Provide a function to construct a machine list from allocated machines.

ansys.fluent.core.scheduler.load_machines.load_machines(machine_info=None, host_info=None, ncores=None)#

Provide a function to construct a machine list from allocated machines.

Parameters:
machine_infolist[dict[str, int]], optional
List of machines provided by the caller. Must be of the form:
[{‘machine-name’<m-name-1>, ‘core-count’<int>},

{‘machine-name’ : <m-name-2>, ‘core-count’ : <int>}, … ]

host_infostr, optional

Host file name or list of machines and cores as a string separated by commas and colons as follows: Example 1: ‘M0:3,M1:2’ Example 2: ‘M0,M0,M0,M1,M1’

ncoresint, optional

Total core count.
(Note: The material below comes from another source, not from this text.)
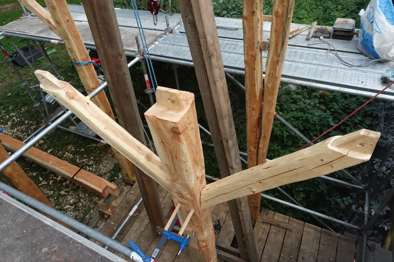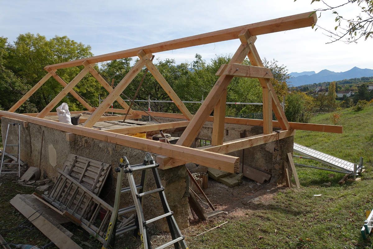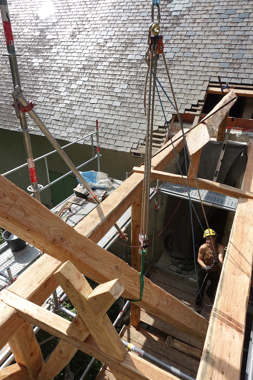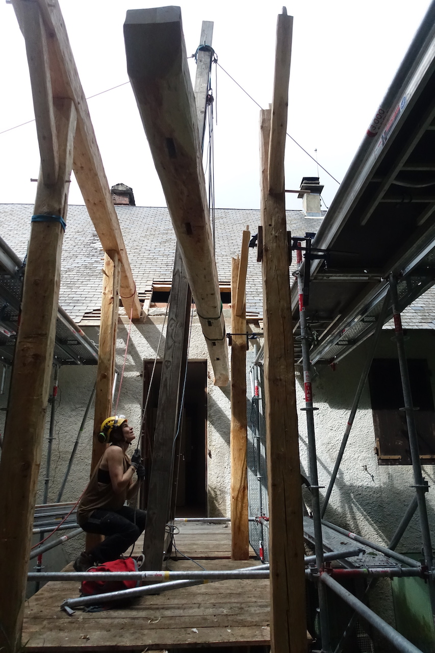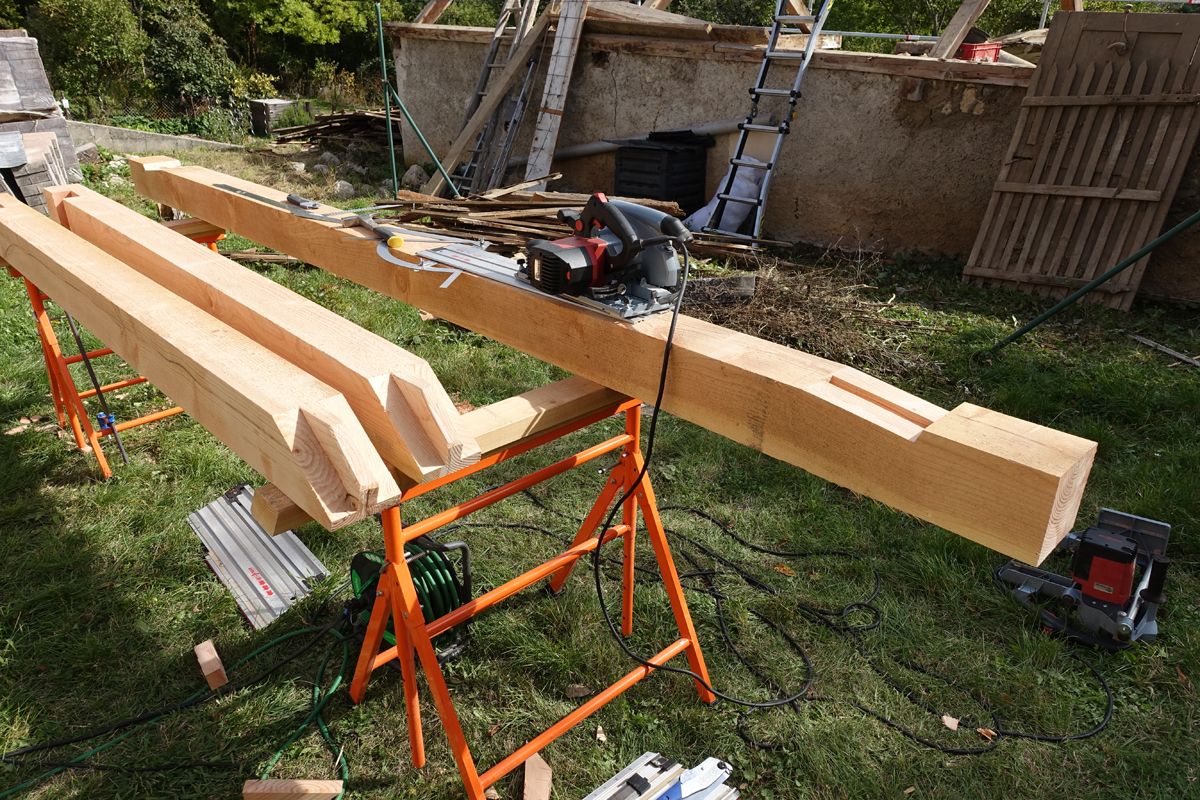 Nos ouvrages de charpente prennent soins de l’existant. En bois équarris à la hache ou en bois sciés, nous portons une attention particulière à l’origine de nos arbres et de nos bois. (Nous avons fais le choix de ne plus utiliser de bois issus de la grande industrie. ) Nous collaborons avec des scieries artisanales, des petits propriétaires forestiers pour renforcer les filières locales et nous prenons le temps de façonner notre bois via des techniques anciennes pré-industriels ou peu énergivore.
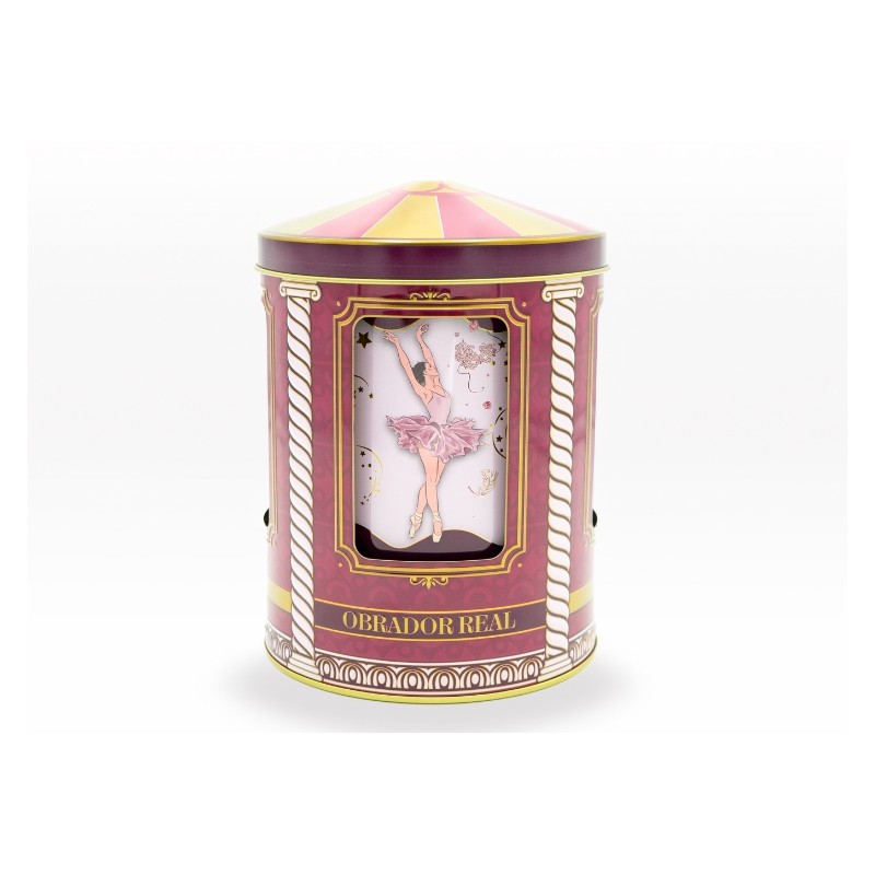 Un homenaje a la belleza y al arte de la danza. Esta delicada lata carrusel recrea una escena de ballet clásico que gira suavemente al ritmo de una melodía envolvente, como si abriera el telón de un teatro encantado. A través de sus ventanas ornamentales, se despliega una secuencia ilustrada de bailarinas en pleno movimiento, enmarcadas por columnas que evocan la magia de una noche de estreno.

If provided without machine_info, sets the core count for local parallel. If both machine_info and ncores are provided, then the machine list determined by machine_info will be limited by the ncores value.

Returns:
MachineList

A list of machines.

Notes

On UGE the PE_HOSTFILE variable is used to find machines, LSB_MCPU_HOSTS list for LSF, PBS_NODEFILE for PBS and SLURM_JOB_NODELIST on SLURM. Unsupported job schedulers may provide alternative ways of providing a list of machines, in that case the list must be pre-parsed and provided via the machine_info or host_info parameters.

In some SLURM environments, the hostnames contained within the variable SLURM_JOB_NODELIST may not be valid to ssh to. In that case those names cannot be passed to the solver. So, in the SLURM branch there is a test to check if ssh to the first host is working, and if not, get ‘actual’ machine names using scontrol.